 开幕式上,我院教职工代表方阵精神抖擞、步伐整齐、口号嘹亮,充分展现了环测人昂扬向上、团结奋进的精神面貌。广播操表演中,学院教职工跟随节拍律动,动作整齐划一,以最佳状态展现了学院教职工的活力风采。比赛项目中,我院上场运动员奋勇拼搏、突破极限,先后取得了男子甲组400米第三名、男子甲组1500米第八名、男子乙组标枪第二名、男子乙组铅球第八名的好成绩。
= = = = = = =
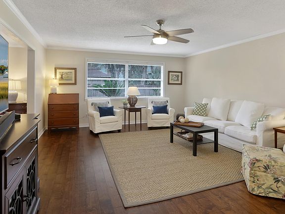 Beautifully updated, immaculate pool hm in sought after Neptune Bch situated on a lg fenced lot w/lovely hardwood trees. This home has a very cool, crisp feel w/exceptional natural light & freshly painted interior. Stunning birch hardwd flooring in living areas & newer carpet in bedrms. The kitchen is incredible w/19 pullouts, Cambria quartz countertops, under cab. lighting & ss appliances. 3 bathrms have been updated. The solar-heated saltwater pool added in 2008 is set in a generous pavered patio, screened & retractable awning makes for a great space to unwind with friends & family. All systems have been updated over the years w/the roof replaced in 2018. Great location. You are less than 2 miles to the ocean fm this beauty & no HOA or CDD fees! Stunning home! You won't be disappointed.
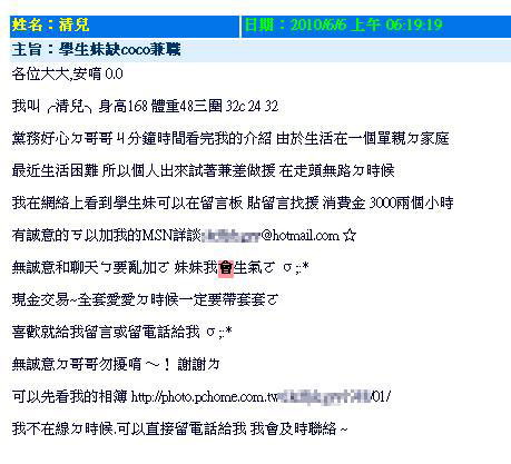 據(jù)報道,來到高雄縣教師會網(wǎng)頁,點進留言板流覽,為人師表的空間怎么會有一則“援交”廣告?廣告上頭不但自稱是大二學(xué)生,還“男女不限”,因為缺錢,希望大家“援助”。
= = = = = = =
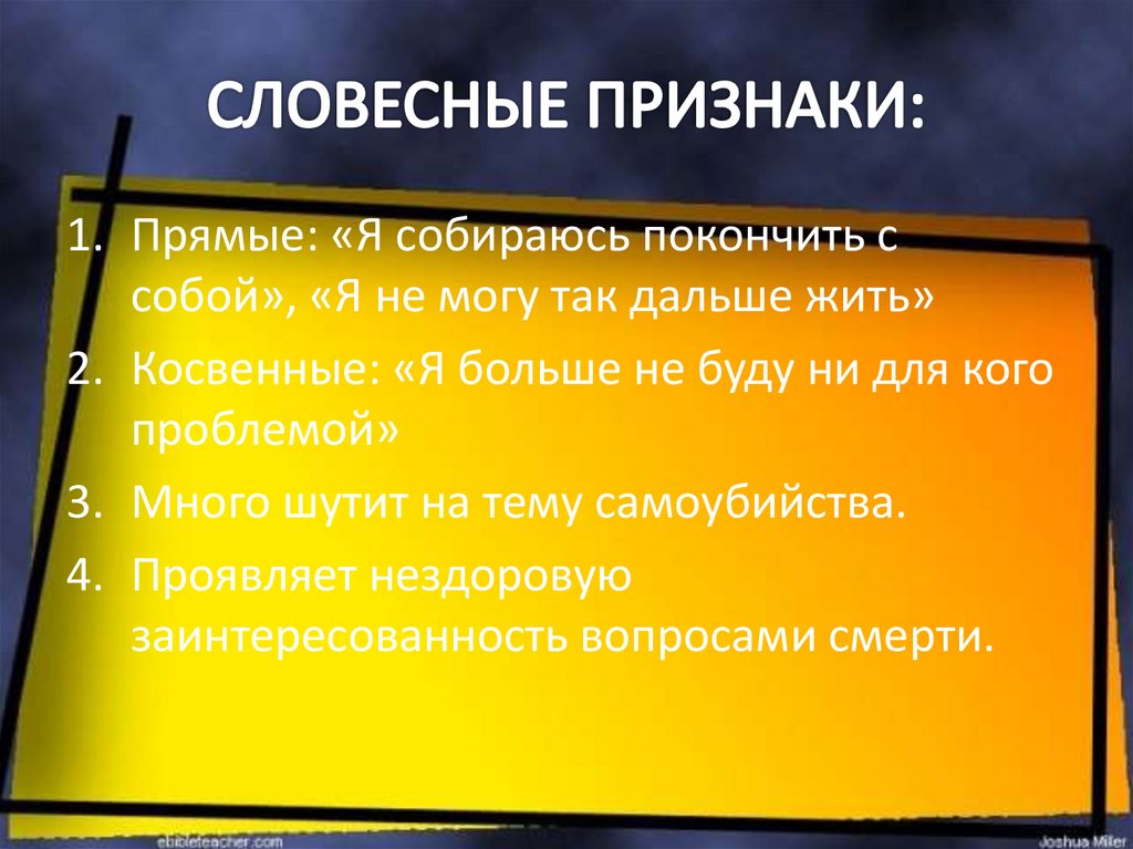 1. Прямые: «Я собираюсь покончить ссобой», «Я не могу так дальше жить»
= = = = = = =
WHAT THE EXERCISE ASKS - Write out word for word the lines above that run from the one with "Beautifully updated, immaculate" to the one with "據(jù)報道,來到高雄縣教". Include both end lines; exclude the images.

SOLUTION BELOW -
 Beautifully updated, immaculate pool hm in sought after Neptune Bch situated on a lg fenced lot w/lovely hardwood trees. This home has a very cool, crisp feel w/exceptional natural light & freshly painted interior. Stunning birch hardwd flooring in living areas & newer carpet in bedrms. The kitchen is incredible w/19 pullouts, Cambria quartz countertops, under cab. lighting & ss appliances. 3 bathrms have been updated. The solar-heated saltwater pool added in 2008 is set in a generous pavered patio, screened & retractable awning makes for a great space to unwind with friends & family. All systems have been updated over the years w/the roof replaced in 2018. Great location. You are less than 2 miles to the ocean fm this beauty & no HOA or CDD fees! Stunning home! You won't be disappointed.
 據(jù)報道,來到高雄縣教師會網(wǎng)頁,點進留言板流覽,為人師表的空間怎么會有一則“援交”廣告?廣告上頭不但自稱是大二學(xué)生,還“男女不限”,因為缺錢,希望大家“援助”。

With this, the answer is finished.